The nonprofit’s executive director, Laura Rodriguez, told commissioners that Lakeland Vision has delivered three generations of a citizen‑driven plan since 1998 and rolled out 37 community‑defined goals in 2020. She outlined committee work across four focus areas: strong and safe neighborhoods; lifelong education; jobs for a vibrant economy; and activities for a diverse community.
"Bike Buddies creates opportunities for youth and law enforcement to build positive relationships through bicycle repair and mentorship," Rodriguez said. She said more than 100 children have participated so far and that Lakeland Vision has produced an agency implementation kit and event operations manual so other Polk County cities can replicate the program.
Pat Steed, Lakeland Vision vice chair and longtime planner, reviewed the organization’s public engagement process used to refresh the vision in 2018–2019. "We had over 1,000 people in our engagement," Steed said, and the process touched every ZIP code in the Greater Lakeland area. She listed priorities that continued to surface: downtown activity, parks and trails, walkability, affordable housing, public safety and support for youth.
Amy Wiggins, chair‑elect, said board teams are conducting inventories of existing resources tied to each focus area to identify gaps and funding needs. She said the board’s first results targeted "strong and safe neighborhoods" and that the board will next return findings on jobs and activities for a diverse community.

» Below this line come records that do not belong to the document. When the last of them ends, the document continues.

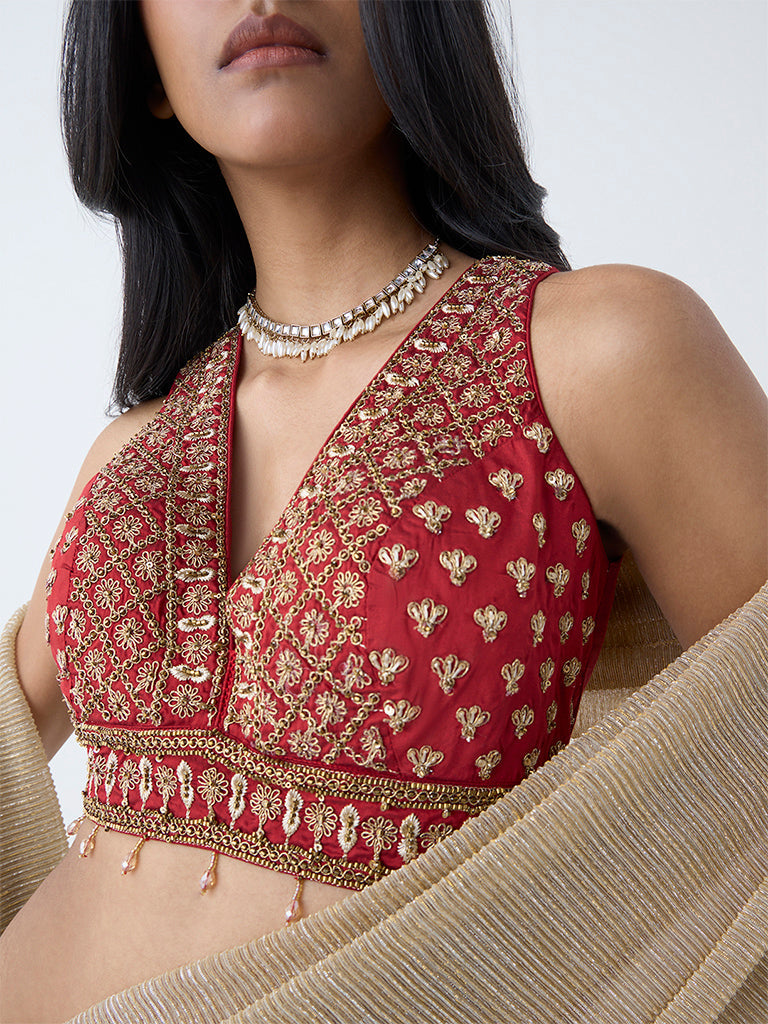 Vark Rust Floral Zari Embroidered Blouse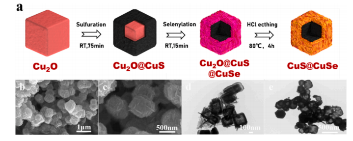而在CDI技术回收铜的过程中,电极材料的选择尤为重要。在含水铜离子电池领域,CuSe和CuS已被公认为是优异的储铜材料。硒(Se)具有良好的循环稳定性,但可逆容量有限,而硫(S)具有良好的可逆容量,但循环稳定性不足。针对这些问题,项目团队合成了一种CuS@CuSe的非均相空心核壳结构,这种结构的合成是利用Cu2O进行逐层硫化和硒化过程来实现的。合成后的CuS@CuSe拥有更多的电活性位点,并降低了反应的能垒。因此,当用作CDI的阴极材料时,CuS@CuSe表现出优异的电吸附容量(647.0 mg g-1),17.1 mg g-1 min-1的高离子传输速率和优越的循环性能。通过表征技术和密度泛函理论(DFT)计算研究了CuS@CuSe的吸附机理,并为设计和开发能够选择性捕获废水中铜离子的有效电极材料提供了有价值的见解。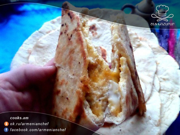 - Լավաշը եռանկյունաձև ծալում ենք, թավայի մեջ կարագ հալեցնում և կարկանդակը կարը դեպի ներքև դնում թավայի մեջ: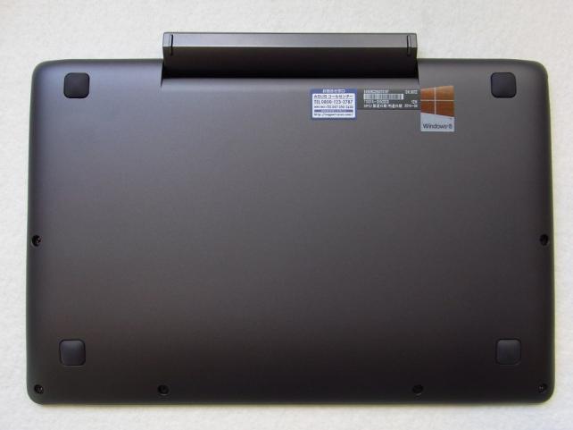 T100TAでは、ヒンジ部分が設置面との接点になり、キーボード面に傾斜がつくようになっている。これによりキーボードが打ちやすくなっている。

Wiggins and Rodriguez described specific initiatives the board is advancing this year: an age‑friendly business certification administered with the Lakeland Area Chamber of Commerce; a senior discounts list and community resource presentations; a career exploration series and a Lakeland talent tour to connect graduating students with local employers; and health‑care literacy work to expand bilingual staff, community health workers and triage improvements.
Commissioners praised the partnership model. Commissioner McLeod said Lakeland Vision fills a coordination gap by pulling together organizations that might otherwise duplicate or miss each other’s work. Commissioner Madden and others asked about child‑care and early learning, citing research that early experiences affect later school readiness; board members said the group will treat early learning as part of lifelong education and workforce readiness.
The board said its next steps are to finish the current thematic inventories, identify sustainable funding or “funding insecurity” risks and share more detailed action recommendations later this year. The presentation materials and the full vision document are available at lakelandvision.org.
Why this matters: Lakeland Vision’s committees and partner organizations drive many community programs tied to the city’s comprehensive plan and can accelerate delivery of services (for example bike distribution, aging supports and workforce pipelines) that city staff and individual agencies could find harder to coordinate on their own.
Additional context: Lakeland Vision and the city coordinated during the last comprehensive‑plan update; board leaders said the joint outreach reached roughly 2,500 participants overall when combined with city engagement.